A simple new method to determine leaf specific heat capacity.

Background: Quantifying plant transpiration via thermal imaging is desirable for applications in agriculture, plant breeding, and plant science. However, thermal imaging under natural non-steady state conditions is currently limited by the difficulty of quantifying thermal properties of leaves, especially specific heat capacity (C). Existing literature offers only rough estimates of C and lacks simple and accurate methods to determine it.

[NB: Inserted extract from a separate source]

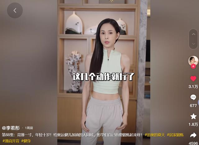 画面中,李若彤身穿一件浅绿色运动背心和一条简约的休闲裤,向网友们分享自己在练背的动作,她现在已经58岁了,但在锻炼中,身材还是保持的很好,简直就像二三十岁的小姑娘。

Results: We developed a non-invasive method to quantify k (the product of leaf thickness (lt), leaf density(ρ), and C), by fitting a leaf energy balance model to a leaf temperature (T) transient during and after a ~ 10 s light pulse. C was then estimated by dividing k by lt*ρ. Using this method, we quantified C for 13 horticultural and tropical plant species, and explored the relationship between C and leaf water content, specific leaf area and T response rate during the light pulse. Values of C ranged between 3200-4000 J kg K, and were positively correlated with leaf water content. In species with very thick leaves, such as Phalaenopsis amabilis, we found leaf thickness to be a major factor in the temperature response to a short light pulse.

Conclusions: Our method allows for easy determination of leaf C of different species, and may help pave the way to apply more accurate thermal imaging under natural non-steady state conditions.